De la même manière une mission de police peut changer de nature en cas d’exécution, une mission de police administrative se transforme en mission de police judiciaire il y a une infraction au cours de l’opération TC 5/12/1977 Demoiselle Motsch (ex : opération de contrôle de police sur la voie publique c’est de la police administrative, l’automobiliste ne s’arrête pas c’est une infraction on passe dans la police judiciaire).
A l’inverse une opération de police judiciaire peut devenir administrative. Ainsi la mise en fourrière est de la police judiciaire C.E. 12/04/1995 Mme Knudsen. Une fois l’enlèvement réalisé on retombe dans la police administrative C.E. 13/01/1992 Grasset.
La nature de l’opération de police va déterminer le régime juridique qui lui est applicable, les conséquences de la distinction sont donc très importantes.
Les conséquences de cette distinction
Ces conséquences sont très importantes, elles concernent d’abord :
a. Les autorités et personne publiques investies des pouvoirs de police :
• La Police Judiciaire est exercée exclusivement au nom de l’Etat donc seule des autorités et agents de l’Etat ont ces pouvoirs. Le Maire détient des pouvoirs d’Officier de Police Judiciaire en tant qu’agent de l’Etat, il peut constater des infractions, dresser des PV, déférer…
• A l’inverse la police administrative peut être exercée au nom de l’Etat des départements ou des communes. On constatera que les autorités de la région n’ont pas de pouvoirs de police.
b.
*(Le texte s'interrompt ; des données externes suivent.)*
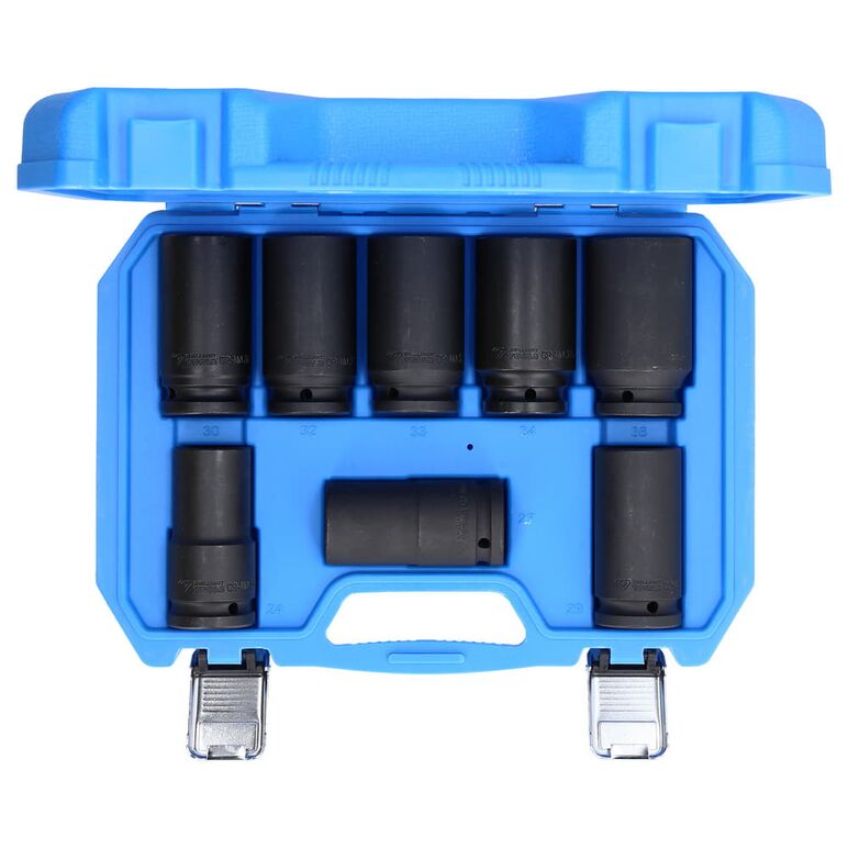 Der 8-teilige BRILLIANT TOOLS Kraft-Stecknuss -Satz BT025600 ist nach DIN 3121 gefertigt. Das gesamte Set hat einen 3/4" (20 mm) Innenvierkant-Antrieb. Es wird in einem praktischen Koffer mit Metallscharnieren und Verschlüssen mit klemmgesicherten Werkzeugen geliefert. Die Beschriftung im Koffer ermöglicht ein rasches Finden der passenden Einsätze. Der Kraft-Stecknuss-Satz ist in der Kfz-Werkstatt oder bei Baumaschinen einsetzbar. Er ist für den Betrieb mit einem Druckluft- oder Akku Schlagschrauber, Knarre oder Drehmomentschlüssel etc. geeignet. Die insgesamt 8 Kraft-Stecknüsse sind aus qualitativem Chrom-Molybdän-Stahl gefertigt und sind mit einer Aufnahme für einen Verbindungsstift und Gummiring ausgestattet. Im Satz enthalten sind die Größen von 24 mm bis 36 mm mit einer Gesamtlänge von 90 mm. Die Oberfläche ist phosphatiert und bietet so höchsten Korrosionsschutz.

La répartition des compétences contentieuses :
• Le contentieux de la police administrative relève de la juridiction administrative, il en va ainsi pour le contentieux de la légalité et de la responsabilité et naturellement comme la compétence suit le fond devant la juridiction administrative on applique le droit public.
• A l’inverse le contentieux de la police judiciaire relève de la juridiction judiciaire. Ce contentieux intéresse la fonction de la juridiction judiciaire (le Parquet, le Siège…).
Toutefois le juge administratif est toujours compétent pour réparer le préjudice subi par le personne de police dans l’exercice de ses fonctions sans qu’on distingue s’il était dans une mission de police judiciaire ou de PA : C.E. 17/04/1953 Pinguet. Tout ceci est clair en théorie mais en pratique lorsqu’il y a un changement de nature de la mission de police pendant son exécution il y a un problème.
Deux solutions sont possibles :
• Une succession de régimes juridiques en fonction de la nature des missions.
• Une unification de régimes juridiques au profit d’une des deux opérations.
La jurisprudence a opté pour la deuxième solution dans l’intérêt des justiciables. On se fonde sur la nature de l’opération à l’origine du préjudice.
Cette solution a été consacrée par la jurisprudence dans deux grands arrêts :
• C.E. Assemblée 24/06/1949 Consorts Lecomte.
Les faits : des agents de police sont chargés d’arrêter un véhicule suspect, la voiture force un barrage, les policiers tirent, une balle perdue vient tuer le Sieur Lecomte.
Quel est le régime de responsabilité ?
Le C.E. juge que la juridiction administrative est compétente pour apprécier la nature de l’opération dès lors que celle-ci présentait le caractère d’une mission de police administrative.
• T.C. 12/06/1978 Société
Les faits : au cours d’un transport de fonds escorté par la police un hold-up survient. L’escorte de police n’intervient pas pour éviter un carnage. L’entreprise de transport de fonds saisit le juge administratif face à l’inaction de la police.
Le Juge administratif est compétent car le préjudice résulte des conditions d’organisation du transport de fonds mais cette solution d’unification du régime applicable ne trouve à s’appliquer que lorsqu’il y a unité entre les missions de police judiciaire et de police administrative. Dès lors qu’il y a une césure nette entre les deux opérations résultant notamment de l’écoulement du temps le contentieux est partagé en se fondant sur l’opération à l’origine du dommage.